Community control can combat climate change

In the Bangladeshi village of Boyarshing women queue for hours with their vessels at the only public tap, in a line that moves agonizingly slowly despite the fact that they are surrounded by water, the last monsoon rains having left large swathes of farmland inundated.
“But we can’t use this water for drinking or cooking,” Kulsum Begam told IPS, glancing around at the roughly 50 other women standing around with hundreds of empty buckets waiting to be filled. “There is too much salt in it.”

Bangladesh grapples with the many and varied impacts of climate change, from recurring droughts and floods, to sea surges and salinization of agricultural lands. The Asian Development Bank (ADB) explained that Bangladesh is “really feeling the pinch” of a warmer climate. If global temperature increase passes the two degrees Celsius mark, Bangladesh will lose the equivalent of two per cent of its gross domestic product (GDP) annually until 2050 on climate-induced spending. Thereafter, the losses will be steeper, reaching around 8.8 percent of GDP annually by 2100, according to ADB assessments. Between now and 2030, Bangladesh will require 89 million dollars annually to make sure the country is resilient. By 2050, the annual adaptation bill could rise fourfold to 369 million dollars. And financial stress is only one piece of the larger picture; extreme weather events pose an even greater challenge.

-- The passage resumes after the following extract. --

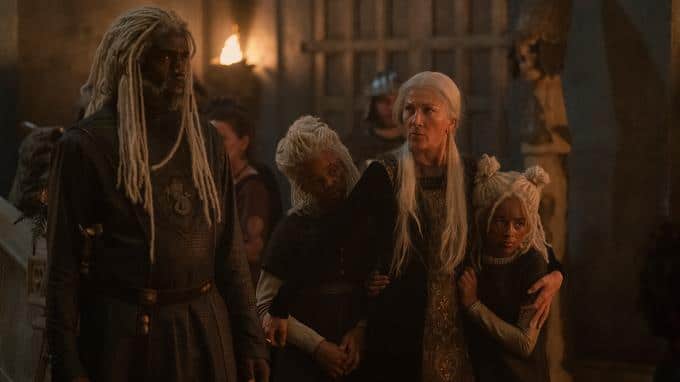 Sie bekommen jedoch deutlich die Anfeindungen der anderen Familienmitglieder zu spüren, denn alle wissen, dass die Kinder nicht von Rhaenyras Ehemann Laenor stammen.

A one-metre rise in sea levels could leave 14 per cent of Dhaka, the capital, inundated regularly. In Dhaka, home to over a tenth of the bulging population, flash floods are now a common phenomenon. “Every time it rains for half an hour the city gets flooded; it takes another three hours for the water to recede, and by then I have lost a day’s earnings,” Hussain Mohamed, a rickshaw puller in Dhaka, lamented.

Increased natural disasters mean the 47,000-sq-km coast, home to 36 million people (roughly one-fourth of the population), will have to brace for storm surges, cyclones and increasing salinity. Rice production could fall by between 17 and 28 per cent, which could be catastrophic for the agricultural sector that contributes around 20 per cent of this country’s GDP and employs 48 per cent of a labour force of around 60 million people. “Right now the priority is to feed 160 million Bangladeshis,” Abdul Qayyum, secretary to the Department of Disaster Management in Bangladesh, told IPS. He estimates that one-fifth of the population lives in cyclone-prone areas – and the bulk of them are poor. “Are these people safe, do they know they are safe, can we make them safer? These are all questions we need to answer,” he said.

Bangladesh has been successful in reducing deaths due to cyclones dramatically – by over 100-fold in the last four decades alone. “When there is a high level of community involvement, then resilience programmes work better,” said Afrif Mohammad Faisal, an ADB environmental specialist in Bangladesh. This is precisely what residents in Chenchuri, a small hamlet in the Narail District in southwest Bangladesh have done. a water management committee of 572 local members manages the water that flows from the Chitra River. “When we need water for our crops, either the committee decides, or villagers use mobile phones to communicate with the committee,” said Raiza Sultana, a peasant whose family depends on rice cultivation. The combination of the million-dollar investment with off-the-shelf low technology has worked well here. Villagers regularly use a simple, 70-dollar salinity monitor to test the waters and when the levels indicate that salt content is rising, they block the water flow to prevent damage to crops. “Rice production here has increased by four times and people are earning more and are in control,” Munsheer Sulaiman, chairman of the water management committee, tells IPS, adding that it used to take two days to get hold of the right person just to open the sluice gates. “They were used to the old setup where the government managed everything,” a regional engineer named Masud Karim said. “We had to convince them that the government has neither the money nor the capacity to do this now.” Now the committee employs a permanent gate operator, paying him out of funds collected from the beneficiaries spread out across the 2,400-hectare area that is served by the dam.